All of lore.kernel.org
 help / color / mirror / Atom feed
From: Sathyanarayanan Kuppuswamy <sathyanarayanan.kuppuswamy@linux.intel.com>
To: Andy Xu <andy.xu@hj-micro.com>, bhelgaas@google.com, lukas@wunner.de
Cc: mahesh@linux.ibm.com, oohall@gmail.com,
	linux-pci@vger.kernel.org, linux-kernel@vger.kernel.org,
	jemma.zhang@hj-micro.com, peter.du@hj-micro.com
Subject: Re: [PATCH] PCI/DPC: Extend DPC recovery timeout
Date: Mon, 7 Jul 2025 10:04:28 -0700	[thread overview]
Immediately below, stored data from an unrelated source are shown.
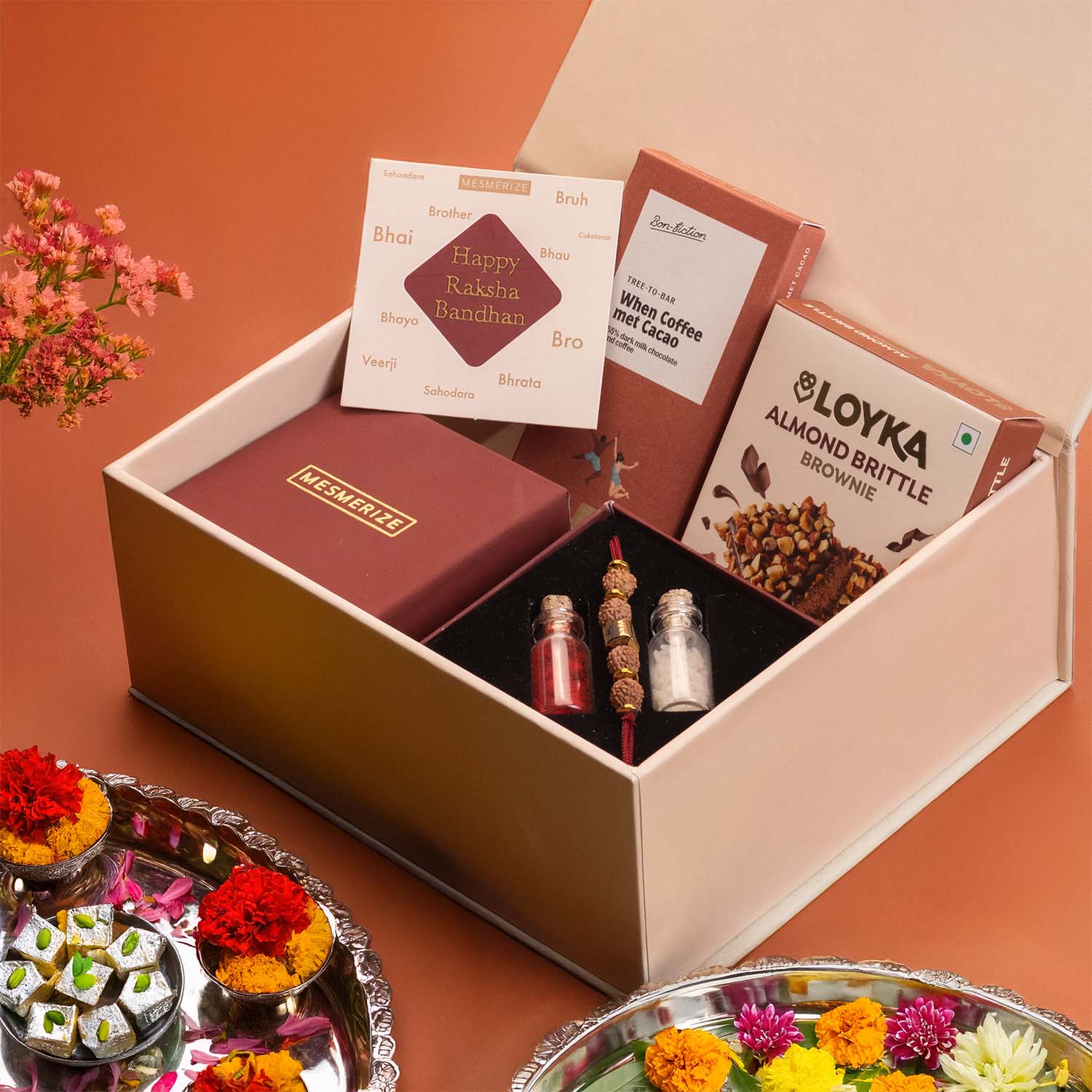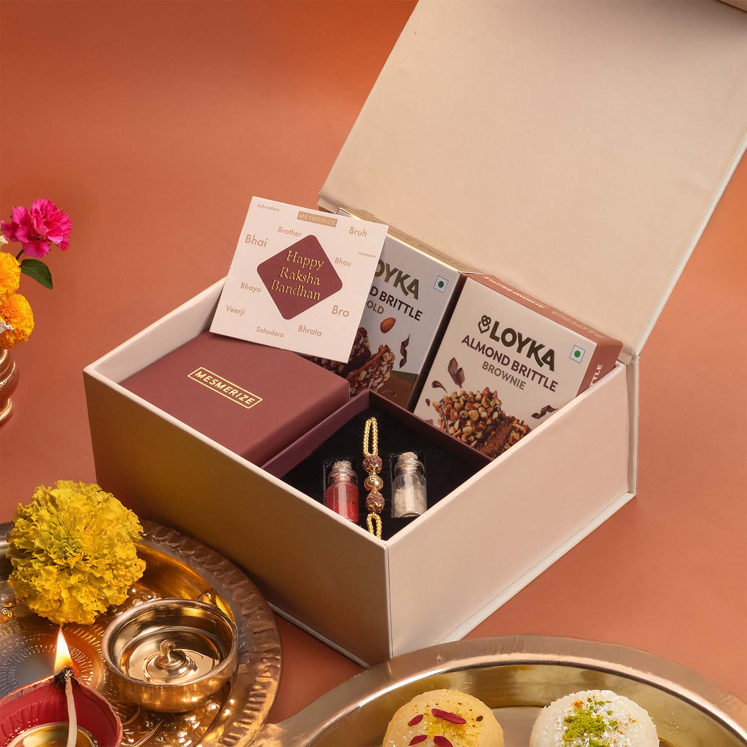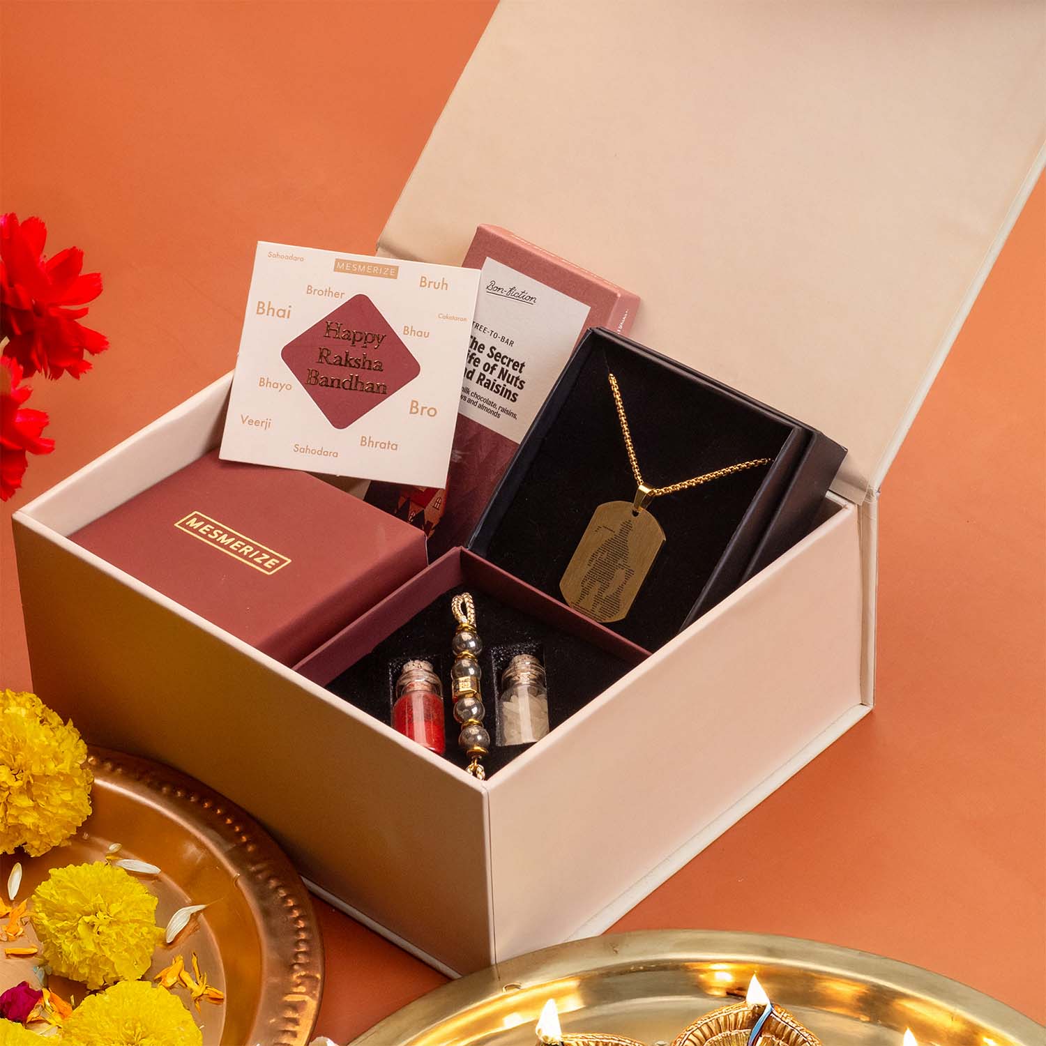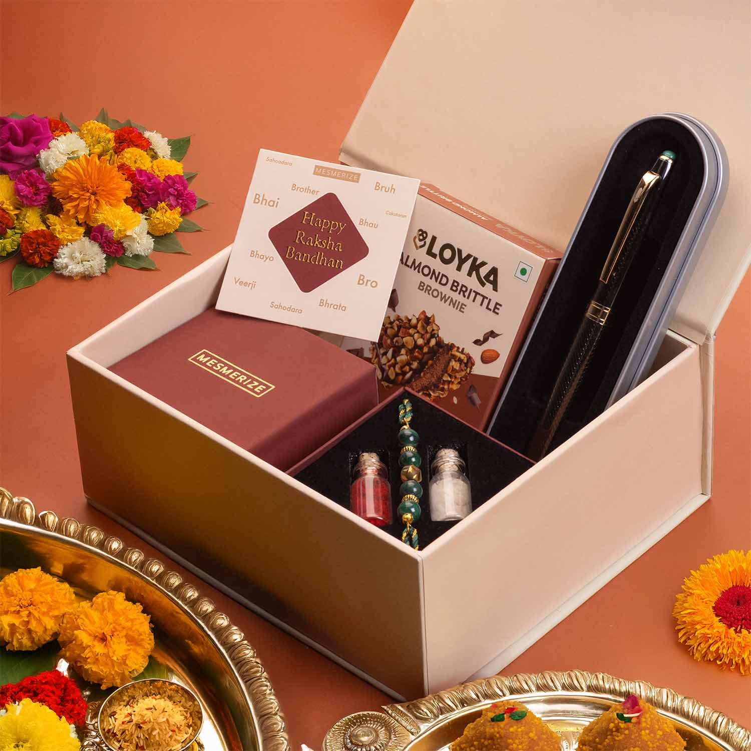 This Raksha Bandhan, craft a heartfelt gift with our Mesmerize DIY Hampers. Choose from a variety of thoughtfully curated.From elegant silver Rakhis to specially designed Bhai-Bhabhi , each hamper is customizable with premium add-ons like natural stone pens, chocolates, and more—giving you the freedom to create something truly personal and memorable.
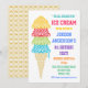 Stilvolle Eistüte im Spitzen-Stil mit vielen verschiedenen bunten Aromen. Die Rückseite der Karte weist ein niedliches Waffelkonusmuster auf. Anpassen mit Ihrem eigenen Text. Ice Cream Socials, 16 . Geburtstag, Pool oder jedes Sommer Fun Party. Original Illustration von pj_design.
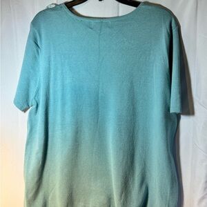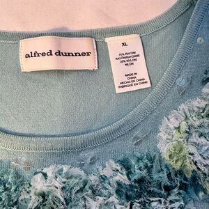 Beautiful Alfred Dunner teal sweater with unique textured floral appliqué and sequin embellishments around the neckline. Soft knit fabric with a relaxed fit, perfect for dressy casual looks or special occasions.

Message-ID: <24dfe8e2-e4b3-40e9-b9ac-026e057abd30@linux.intel.com> (raw)
In-Reply-To: <20250707103014.1279262-1-andy.xu@hj-micro.com>


On 7/7/25 3:30 AM, Andy Xu wrote:
> From: Hongbo Yao <andy.xu@hj-micro.com>
>
> Extend the DPC recovery timeout from 4 seconds to 7 seconds to
> support Mellanox ConnectX series network adapters.
>
> My environment:
>    - Platform: arm64 N2 based server
>    - Endpoint1: Mellanox Technologies MT27800 Family [ConnectX-5]
>    - Endpoint2: Mellanox Technologies MT2910 Family [ConnectX-7]
>
> With the original 4s timeout, hotplug would still be triggered:
>
> [ 81.012463] pcieport 0004:00:00.0: DPC: containment event, status:0x1f01 source:0x0000
> [ 81.014536] pcieport 0004:00:00.0: DPC: unmasked uncorrectable error detected
> [ 81.029598] pcieport 0004:00:00.0: PCIe Bus Error: severity=Uncorrected (Non-Fatal), type=Transaction Layer, (Receiver ID)
> [ 81.040830] pcieport 0004:00:00.0: device [0823:0110] error status/mask=00008000/04d40000
> [ 81.049870] pcieport 0004:00:00.0: [ 0] ERCR (First)
> [ 81.053520] pcieport 0004:00:00.0: AER: TLP Header: 60008010 010000ff 00001000 9c4c0000
> [ 81.065793] mlx5_core 0004:01:00.0: mlx5_pci_err_detected Device state = 1 health sensors: 1 pci_status: 1. Enter, pci channel state = 2
> [ 81.076183] mlx5_core 0004:01:00.0: mlx5_error_sw_reset:231:(pid 1618): start
> [ 81.083307] mlx5_core 0004:01:00.0: mlx5_error_sw_reset:252:(pid 1618): PCI channel offline, stop waiting for NIC IFC
> [ 81.077428] mlx5_core 0004:01:00.0: E-Switch: Disable: mode(LEGACY), nvfs(0), neovfs(0), active vports(0)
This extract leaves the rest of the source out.